[89]. aperceived, made known. the king, i.e. Theodoric, king of Italy for 33 years, A.D. 493-526. His reign was, on the whole, good and glorious, but he committed the great crime of putting to death both Boethius and his aged father-in-law Symmachus, for which he afterwards expressed his deep repentance. See Gibbon's Roman Empire. The chief record of his reign is in the collection of twelve books of public epistles composed in his name by Cassiodorus. The seat of his government was Ravenna, as mentioned below.

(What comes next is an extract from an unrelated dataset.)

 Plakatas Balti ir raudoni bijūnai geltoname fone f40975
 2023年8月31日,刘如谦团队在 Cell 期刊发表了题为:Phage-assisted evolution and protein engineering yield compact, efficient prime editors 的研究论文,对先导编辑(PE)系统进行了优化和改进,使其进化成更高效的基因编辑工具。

[93]. lykned; rather, added; Lat. 'posse adstrui uidetur.'

[95-194]. See a translation into modern English of the whole of this passage, in H. F. Stewart's Essay, pp. 37-41.

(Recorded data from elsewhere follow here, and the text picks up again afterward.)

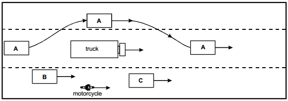 The diagram shows a view from above of a road with three lanes all traveling in the same direction. A large truck is in the center lane. There are three cars, labeled A, B, and C. Car A is behind the truck. Car B is to the right of the truck and slightly behind it, but also slightly in front of Car A. Car C is also in the right lane, slightly in front of the truck. A motorcycle is also in the right lane, between Car B and Car C, beside the truck. The diagram shows that Car A moves into the left lane, passes the truck, and returns to the middle lane in front of the truck.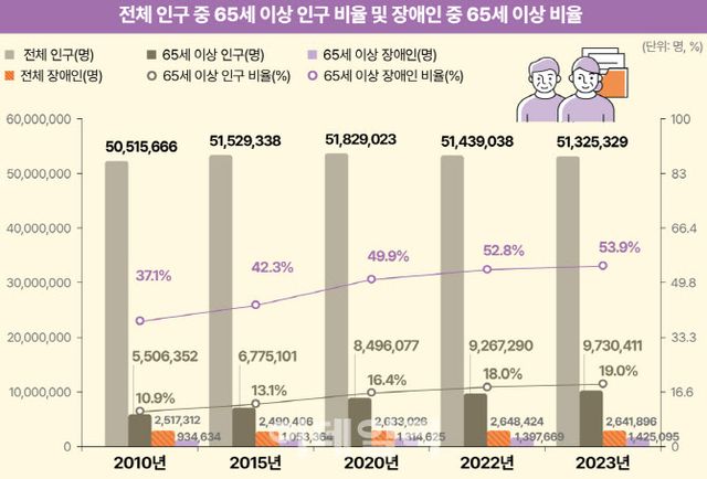 등록장애인 2명 중 1명(53.9%, 142만5095명)이 65세 이상 고령자였다. 2014년 41.4%, 2020년 49.9%였던 것이 해마다 꾸준히 늘고 있는 것이다. 연령대별 비중은 60대가 62만7665명(23.8%)으로 가장 많았다. 그 뒤를 △70대(57만1828명, 21.6%) △80대(45만4555명, 17.2%) 등이 이었다.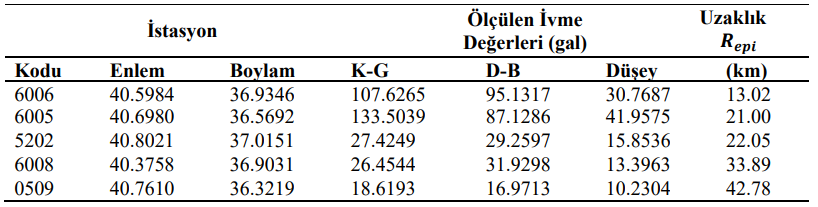 Depremi kaydeden en yakın 5 ivmeölçer istasyonun dağılımı 110 adet ivmeölçer ile yapılan ön değerlendirme sonuçlarına göre, serbest alan (freefield) istasyonları içerisinde, en büyük ivme 6006 kodlu ivmeölçer istasyonunun Kuzey-Güney bileşeninde 107.63 gal olarak ölçülmüştür.

[101]. axestow in somme, if you ask particularly; 'summam quaeris?'

[106, 107]. forsake, deny. have wold, have willed, did wish.

[109]. and that I confesse. Here Chaucer's version seems to be quite at fault. 'At uolui, nec unquam uelle desistam. Fatebimur? [MS. C. Et fatebimur.] Sed impediendi delatoris opera cessabit.'

[113]. by me, with regard to me; 'de me.'

[117]. Socrates; in Plato's Republic, Book VI: τὴν ἀψεύδειαν ... μισεῖν, τὴν δ' ἀλήθειαν στέργειν (485 C).

[120]. preisen, appraise, judge of: 'aestimandum.'

[131]. Canius, better Canus, i.e. 'Julius Canus, whose philosophic death is described by Seneca, De Tranquillitate Animi, cap. xiv.'—Gibbon. He has already been mentioned above, Prose iii. l. 40.